▶ **BRIEF**
The required output is the exact run of lines in the listing below from the line holding "5.グランハウスで建ててよかったと思うことは何ですか?" through the line holding "인터넷에서 20cmx20cm짜리 캔버스도", with no pictures.
[DATA SECTION]
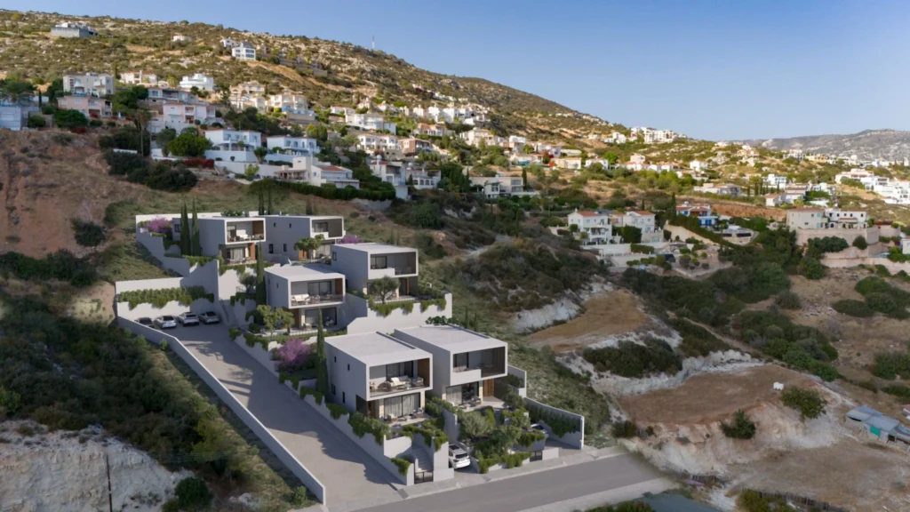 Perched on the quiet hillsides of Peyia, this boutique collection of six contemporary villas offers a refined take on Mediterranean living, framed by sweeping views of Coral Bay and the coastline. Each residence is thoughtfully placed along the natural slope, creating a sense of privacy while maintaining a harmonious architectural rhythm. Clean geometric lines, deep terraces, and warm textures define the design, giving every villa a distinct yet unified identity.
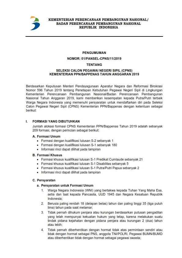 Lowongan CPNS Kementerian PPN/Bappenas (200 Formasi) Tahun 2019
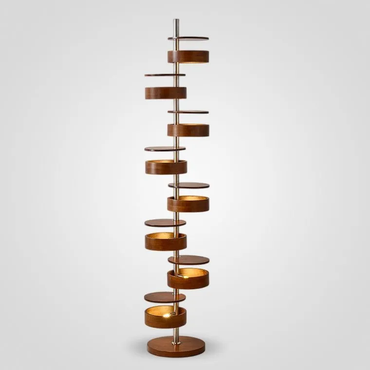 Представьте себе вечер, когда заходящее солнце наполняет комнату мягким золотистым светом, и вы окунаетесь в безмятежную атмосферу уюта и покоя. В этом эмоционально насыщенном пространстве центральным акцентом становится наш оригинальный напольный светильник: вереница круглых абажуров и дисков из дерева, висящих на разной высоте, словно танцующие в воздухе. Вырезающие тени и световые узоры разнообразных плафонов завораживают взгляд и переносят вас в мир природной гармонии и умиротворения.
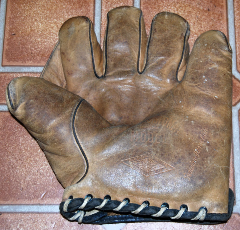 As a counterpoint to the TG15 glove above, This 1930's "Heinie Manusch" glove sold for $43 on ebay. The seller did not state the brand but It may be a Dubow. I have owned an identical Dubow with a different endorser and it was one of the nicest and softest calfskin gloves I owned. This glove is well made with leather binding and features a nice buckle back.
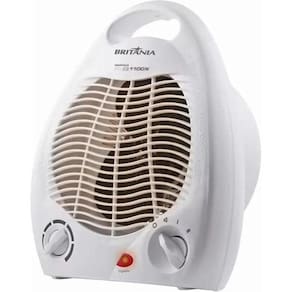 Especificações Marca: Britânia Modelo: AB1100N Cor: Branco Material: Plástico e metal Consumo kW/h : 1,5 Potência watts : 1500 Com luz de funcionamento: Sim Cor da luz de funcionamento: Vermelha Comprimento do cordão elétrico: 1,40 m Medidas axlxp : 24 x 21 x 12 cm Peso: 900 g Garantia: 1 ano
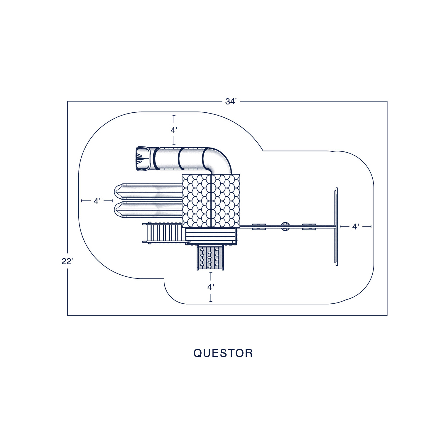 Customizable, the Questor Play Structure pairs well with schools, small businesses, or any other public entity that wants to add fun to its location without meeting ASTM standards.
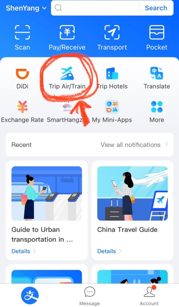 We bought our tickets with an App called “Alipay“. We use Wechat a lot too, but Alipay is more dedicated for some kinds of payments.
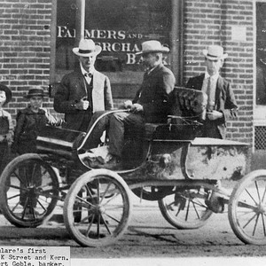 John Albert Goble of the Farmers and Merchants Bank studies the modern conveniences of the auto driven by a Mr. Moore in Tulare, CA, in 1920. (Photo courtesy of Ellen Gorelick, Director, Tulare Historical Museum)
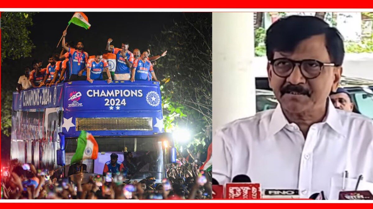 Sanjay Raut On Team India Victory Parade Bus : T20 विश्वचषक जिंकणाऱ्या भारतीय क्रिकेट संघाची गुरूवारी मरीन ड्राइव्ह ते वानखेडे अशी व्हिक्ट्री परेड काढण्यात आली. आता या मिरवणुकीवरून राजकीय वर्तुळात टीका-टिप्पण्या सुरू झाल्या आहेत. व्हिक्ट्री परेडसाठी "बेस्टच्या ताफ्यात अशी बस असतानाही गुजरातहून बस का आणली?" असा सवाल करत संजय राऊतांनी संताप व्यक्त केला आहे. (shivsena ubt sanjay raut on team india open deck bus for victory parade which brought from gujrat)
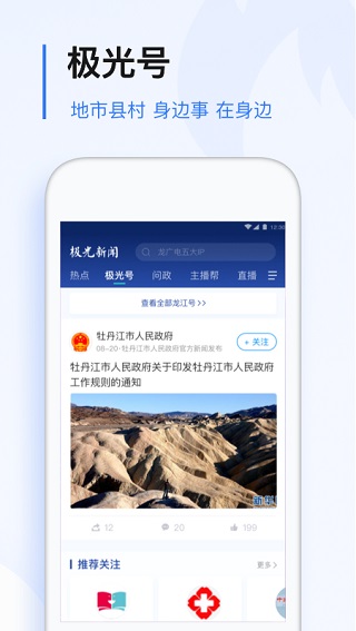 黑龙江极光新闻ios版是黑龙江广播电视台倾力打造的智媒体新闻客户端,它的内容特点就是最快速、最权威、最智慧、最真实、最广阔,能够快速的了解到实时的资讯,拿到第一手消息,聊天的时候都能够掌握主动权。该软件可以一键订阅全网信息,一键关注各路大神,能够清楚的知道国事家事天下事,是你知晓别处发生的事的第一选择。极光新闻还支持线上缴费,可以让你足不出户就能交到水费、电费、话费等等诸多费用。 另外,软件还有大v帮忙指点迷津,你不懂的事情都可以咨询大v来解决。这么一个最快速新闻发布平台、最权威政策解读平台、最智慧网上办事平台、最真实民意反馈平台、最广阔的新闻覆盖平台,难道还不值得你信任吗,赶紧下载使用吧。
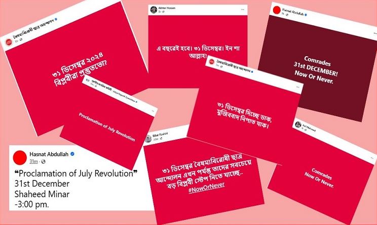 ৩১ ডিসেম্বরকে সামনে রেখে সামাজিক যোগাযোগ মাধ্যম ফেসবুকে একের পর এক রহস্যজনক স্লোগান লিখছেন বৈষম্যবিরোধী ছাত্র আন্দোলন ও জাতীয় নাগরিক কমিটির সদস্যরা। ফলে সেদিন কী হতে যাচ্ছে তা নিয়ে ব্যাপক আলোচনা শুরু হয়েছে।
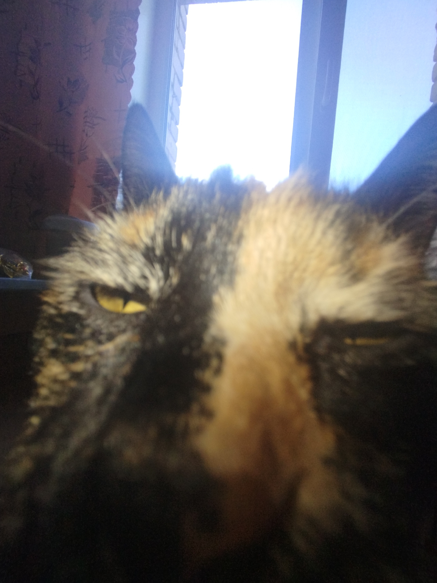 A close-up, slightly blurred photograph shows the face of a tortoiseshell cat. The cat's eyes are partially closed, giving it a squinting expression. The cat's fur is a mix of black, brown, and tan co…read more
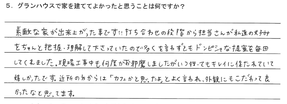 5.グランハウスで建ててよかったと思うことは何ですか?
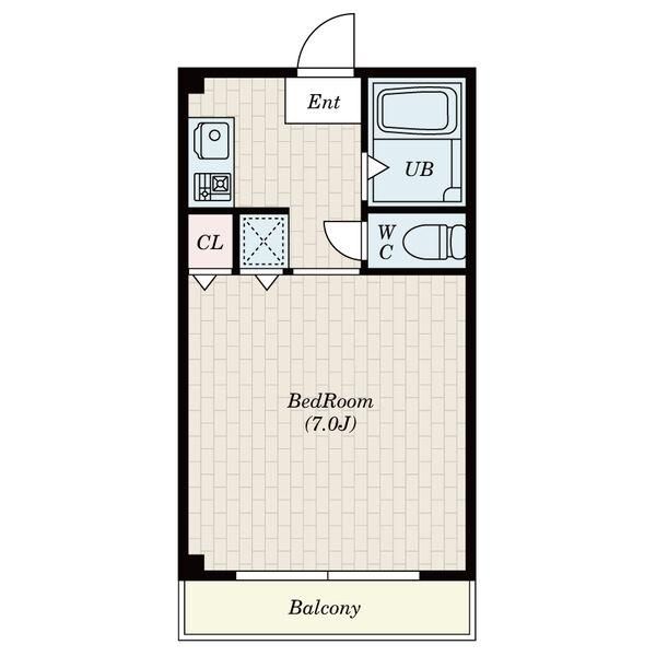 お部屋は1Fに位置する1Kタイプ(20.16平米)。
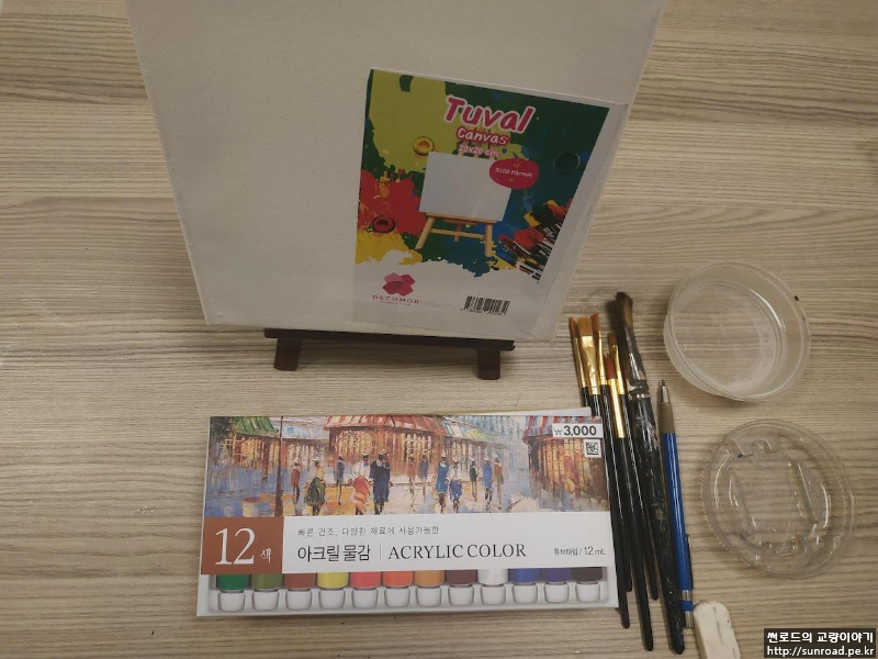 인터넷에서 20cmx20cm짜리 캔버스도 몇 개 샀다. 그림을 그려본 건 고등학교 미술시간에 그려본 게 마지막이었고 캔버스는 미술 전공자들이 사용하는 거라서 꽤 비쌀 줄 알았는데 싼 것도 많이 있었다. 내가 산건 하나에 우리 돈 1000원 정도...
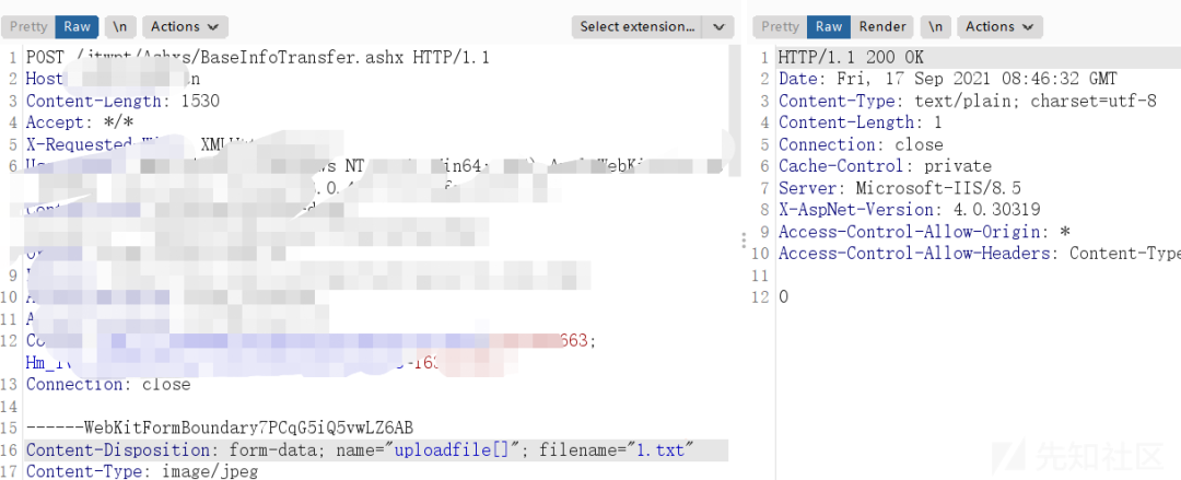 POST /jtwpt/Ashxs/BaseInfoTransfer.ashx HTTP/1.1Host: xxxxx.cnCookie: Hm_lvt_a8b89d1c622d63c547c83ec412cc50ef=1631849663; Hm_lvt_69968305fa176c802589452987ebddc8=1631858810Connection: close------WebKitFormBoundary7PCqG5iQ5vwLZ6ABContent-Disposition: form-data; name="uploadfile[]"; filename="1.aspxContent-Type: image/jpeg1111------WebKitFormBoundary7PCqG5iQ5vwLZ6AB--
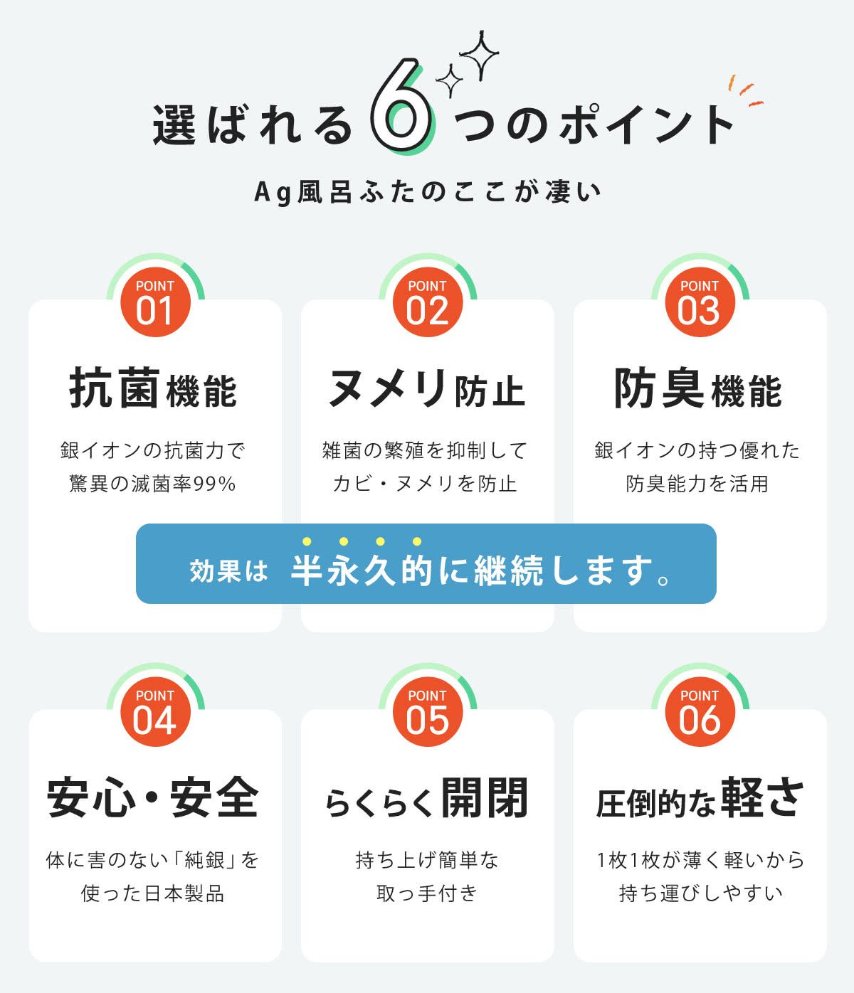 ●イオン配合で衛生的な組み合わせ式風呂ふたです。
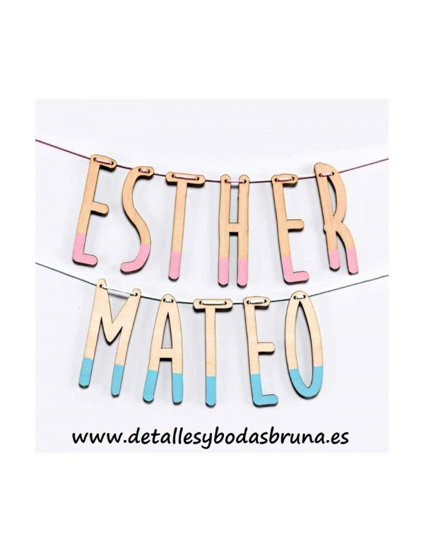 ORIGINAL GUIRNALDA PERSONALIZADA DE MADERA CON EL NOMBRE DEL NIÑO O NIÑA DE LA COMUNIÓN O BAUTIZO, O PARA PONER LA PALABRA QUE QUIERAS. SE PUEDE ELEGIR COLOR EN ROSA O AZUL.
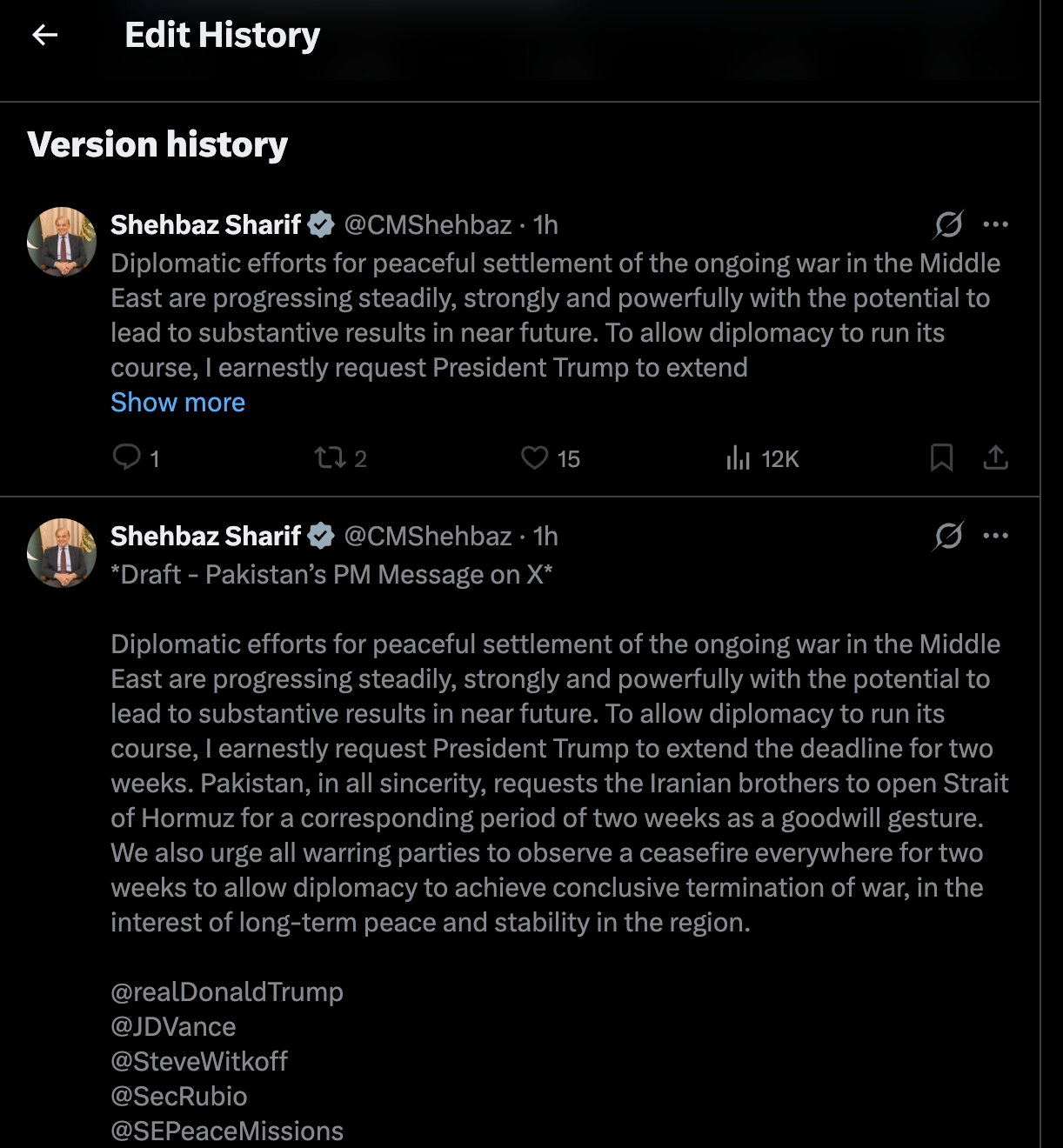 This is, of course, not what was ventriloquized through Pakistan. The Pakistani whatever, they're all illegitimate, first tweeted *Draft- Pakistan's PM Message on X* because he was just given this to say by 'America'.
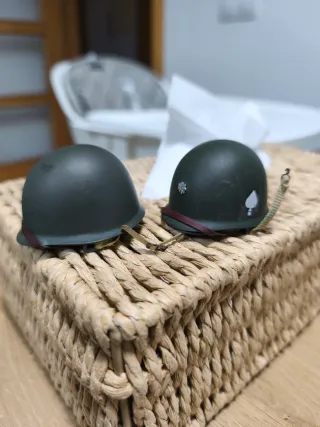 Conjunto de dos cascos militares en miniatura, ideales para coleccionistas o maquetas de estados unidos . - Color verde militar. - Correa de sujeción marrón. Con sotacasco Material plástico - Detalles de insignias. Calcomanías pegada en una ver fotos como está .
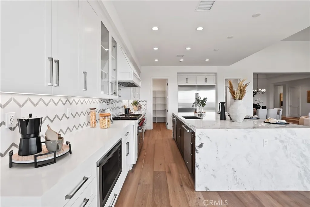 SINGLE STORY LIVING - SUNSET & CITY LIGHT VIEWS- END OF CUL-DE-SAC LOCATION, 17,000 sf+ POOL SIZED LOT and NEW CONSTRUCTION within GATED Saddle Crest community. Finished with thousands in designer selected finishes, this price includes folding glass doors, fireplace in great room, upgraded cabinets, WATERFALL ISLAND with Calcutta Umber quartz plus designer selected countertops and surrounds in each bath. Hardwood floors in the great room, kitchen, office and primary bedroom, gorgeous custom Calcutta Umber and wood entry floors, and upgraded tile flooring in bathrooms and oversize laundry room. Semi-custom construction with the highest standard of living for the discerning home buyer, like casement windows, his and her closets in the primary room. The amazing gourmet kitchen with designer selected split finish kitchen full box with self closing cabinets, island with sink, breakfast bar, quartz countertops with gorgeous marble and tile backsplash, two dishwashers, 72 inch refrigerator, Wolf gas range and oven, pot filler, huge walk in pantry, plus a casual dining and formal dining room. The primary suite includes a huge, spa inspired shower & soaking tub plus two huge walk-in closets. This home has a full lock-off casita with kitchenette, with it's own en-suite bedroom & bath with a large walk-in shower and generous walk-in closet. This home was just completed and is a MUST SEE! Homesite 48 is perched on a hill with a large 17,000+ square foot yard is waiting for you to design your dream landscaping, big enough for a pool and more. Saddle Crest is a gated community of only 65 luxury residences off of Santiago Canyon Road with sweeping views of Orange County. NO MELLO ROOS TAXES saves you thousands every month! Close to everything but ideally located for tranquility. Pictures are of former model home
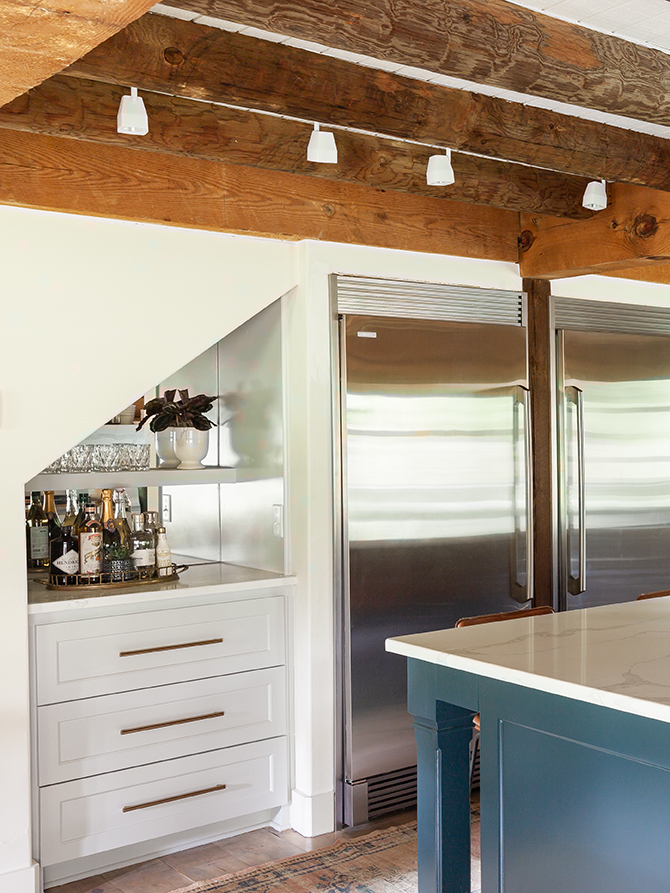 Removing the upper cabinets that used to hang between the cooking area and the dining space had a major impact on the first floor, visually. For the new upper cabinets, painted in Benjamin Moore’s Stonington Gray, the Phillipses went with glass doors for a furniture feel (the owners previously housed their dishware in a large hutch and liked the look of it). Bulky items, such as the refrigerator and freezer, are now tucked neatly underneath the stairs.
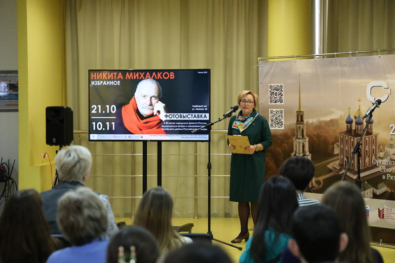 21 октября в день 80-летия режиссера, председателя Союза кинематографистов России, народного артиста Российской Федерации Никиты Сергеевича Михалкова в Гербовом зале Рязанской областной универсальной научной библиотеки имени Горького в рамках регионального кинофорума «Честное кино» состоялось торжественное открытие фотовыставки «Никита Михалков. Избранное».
[/DATA SECTION]
▶ **SOLVED EXERCISE**
 5.グランハウスで建ててよかったと思うことは何ですか?
 お部屋は1Fに位置する1Kタイプ(20.16平米)。
 인터넷에서 20cmx20cm짜리 캔버스도 몇 개 샀다. 그림을 그려본 건 고등학교 미술시간에 그려본 게 마지막이었고 캔버스는 미술 전공자들이 사용하는 거라서 꽤 비쌀 줄 알았는데 싼 것도 많이 있었다. 내가 산건 하나에 우리 돈 1000원 정도...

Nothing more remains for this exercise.